*Data section:*
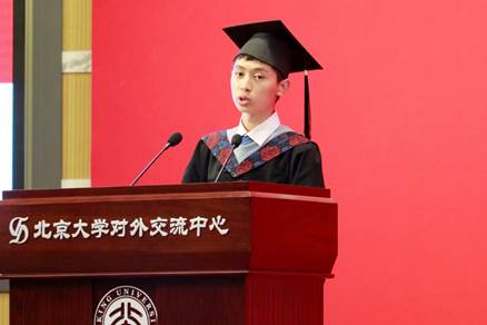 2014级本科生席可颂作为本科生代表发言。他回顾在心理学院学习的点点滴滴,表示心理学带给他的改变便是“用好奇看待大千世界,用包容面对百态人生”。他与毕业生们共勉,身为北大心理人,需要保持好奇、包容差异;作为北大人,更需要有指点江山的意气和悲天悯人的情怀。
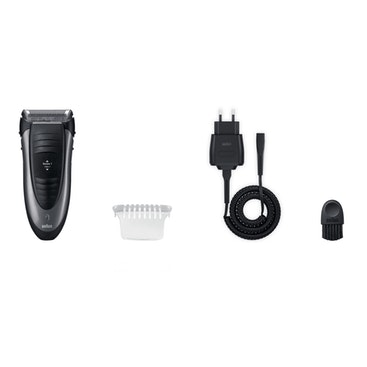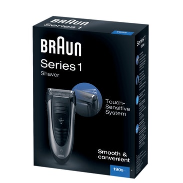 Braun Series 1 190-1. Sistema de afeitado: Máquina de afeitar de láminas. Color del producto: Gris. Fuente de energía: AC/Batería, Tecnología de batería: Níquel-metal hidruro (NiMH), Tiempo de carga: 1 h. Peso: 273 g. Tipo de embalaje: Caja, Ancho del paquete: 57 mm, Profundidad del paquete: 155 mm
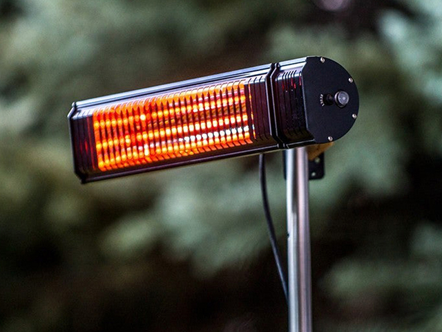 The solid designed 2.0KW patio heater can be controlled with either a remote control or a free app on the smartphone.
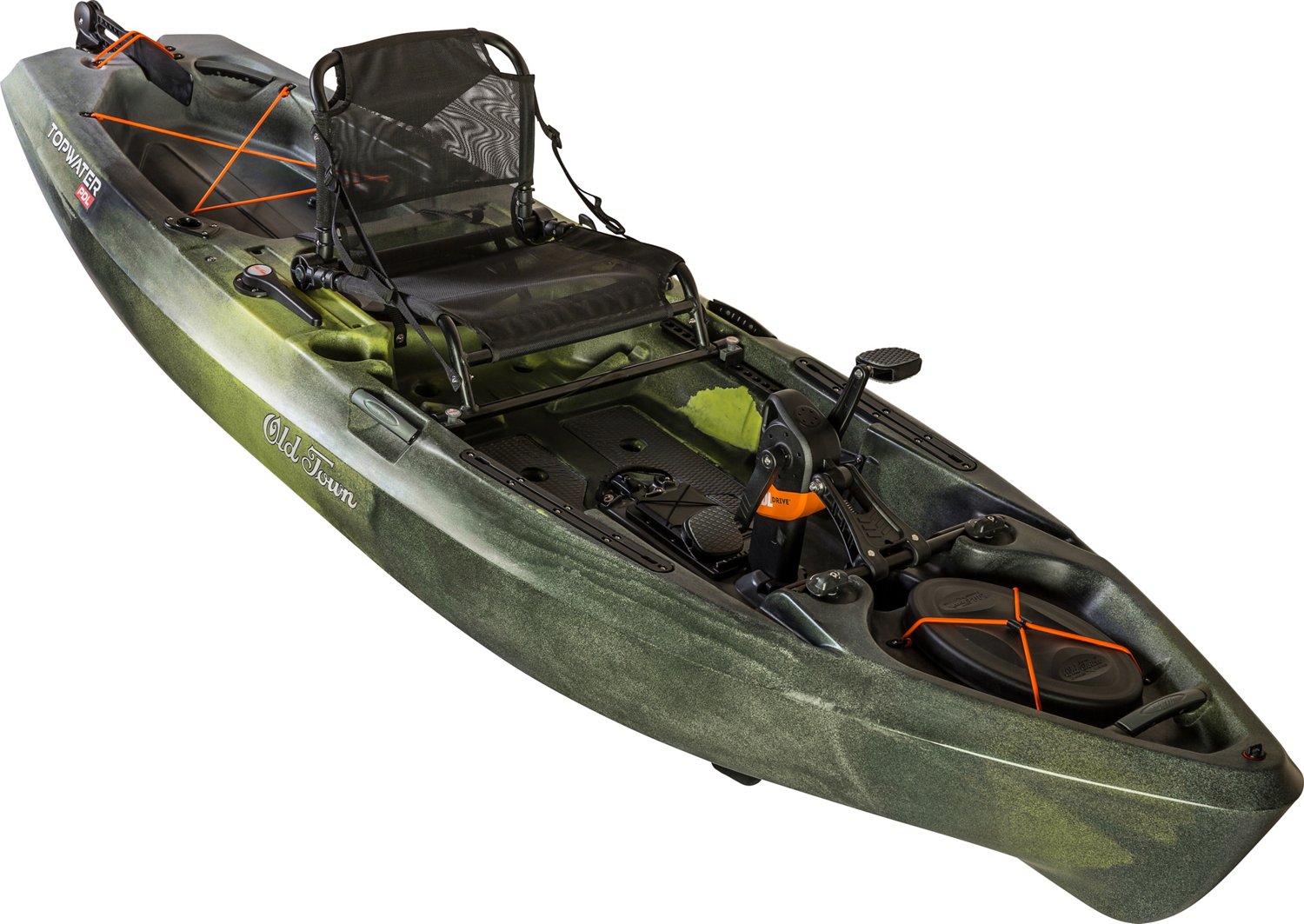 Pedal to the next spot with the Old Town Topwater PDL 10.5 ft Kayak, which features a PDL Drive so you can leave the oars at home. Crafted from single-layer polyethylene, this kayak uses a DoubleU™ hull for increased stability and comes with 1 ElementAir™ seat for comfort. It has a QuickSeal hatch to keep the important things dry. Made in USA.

...

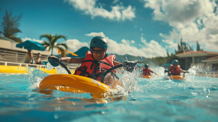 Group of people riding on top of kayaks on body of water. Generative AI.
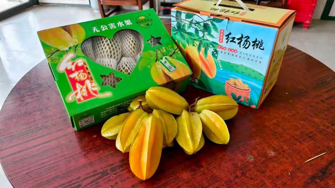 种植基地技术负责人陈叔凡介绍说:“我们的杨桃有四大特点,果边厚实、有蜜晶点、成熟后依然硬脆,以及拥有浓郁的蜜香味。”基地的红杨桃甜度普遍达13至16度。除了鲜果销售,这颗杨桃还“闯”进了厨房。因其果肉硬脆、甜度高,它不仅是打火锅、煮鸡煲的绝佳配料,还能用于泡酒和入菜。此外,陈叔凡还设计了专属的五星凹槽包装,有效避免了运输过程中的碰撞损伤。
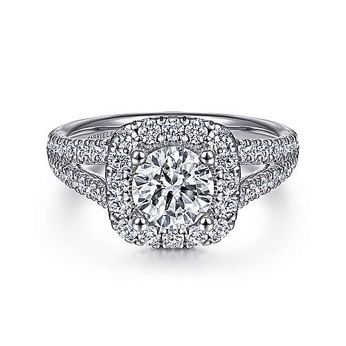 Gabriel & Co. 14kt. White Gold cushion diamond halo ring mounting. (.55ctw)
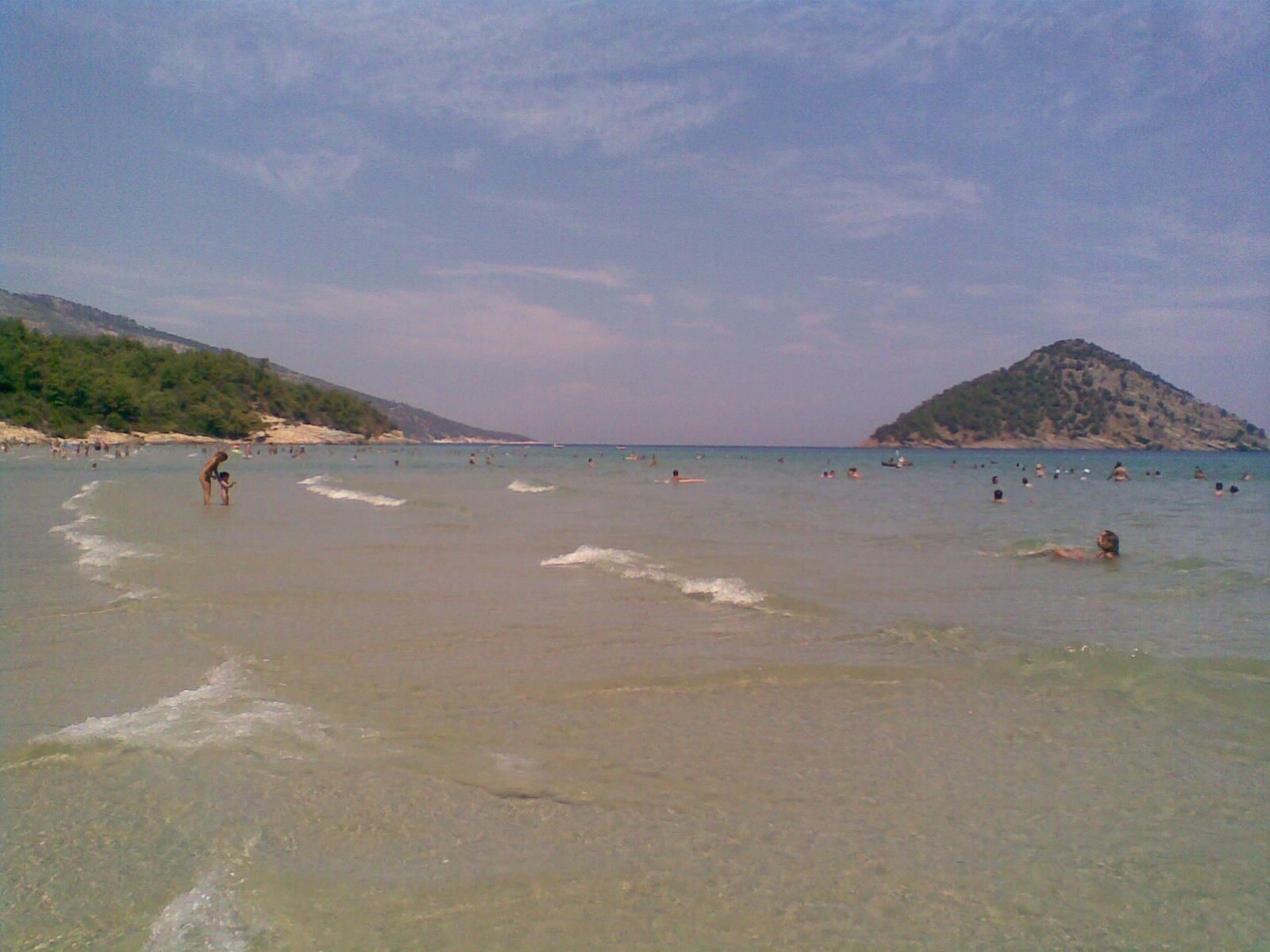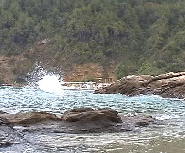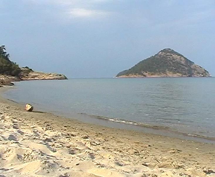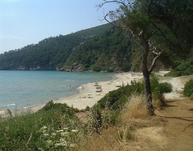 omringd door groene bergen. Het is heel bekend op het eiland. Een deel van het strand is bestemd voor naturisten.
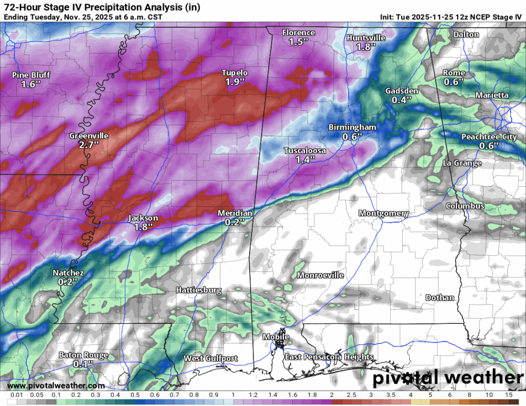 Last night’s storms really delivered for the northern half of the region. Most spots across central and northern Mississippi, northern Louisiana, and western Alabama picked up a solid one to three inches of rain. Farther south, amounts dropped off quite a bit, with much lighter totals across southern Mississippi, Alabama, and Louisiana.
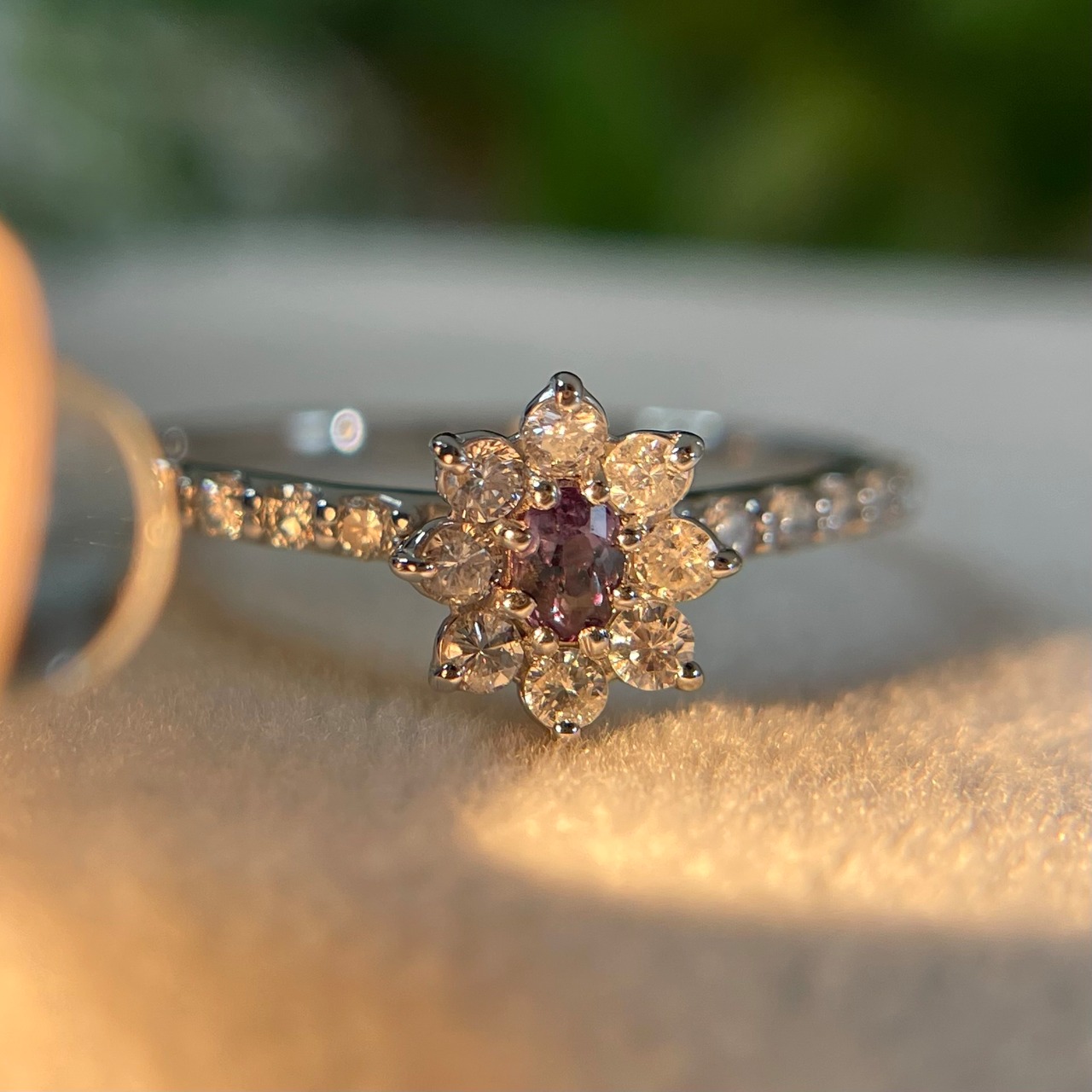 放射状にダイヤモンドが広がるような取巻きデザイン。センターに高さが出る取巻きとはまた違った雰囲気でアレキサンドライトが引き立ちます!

*Task item:* Although the records above contain pictures, the copy should not; retype exactly the lines from the one containing "Last night’s storms" through the one containing "放射状にダイヤモンドが広がる".

*Written answer:*
 Last night’s storms really delivered for the northern half of the region. Most spots across central and northern Mississippi, northern Louisiana, and western Alabama picked up a solid one to three inches of rain. Farther south, amounts dropped off quite a bit, with much lighter totals across southern Mississippi, Alabama, and Louisiana.
 放射状にダイヤモンドが広がるような取巻きデザイン。センターに高さが出る取巻きとはまた違った雰囲気でアレキサンドライトが引き立ちます!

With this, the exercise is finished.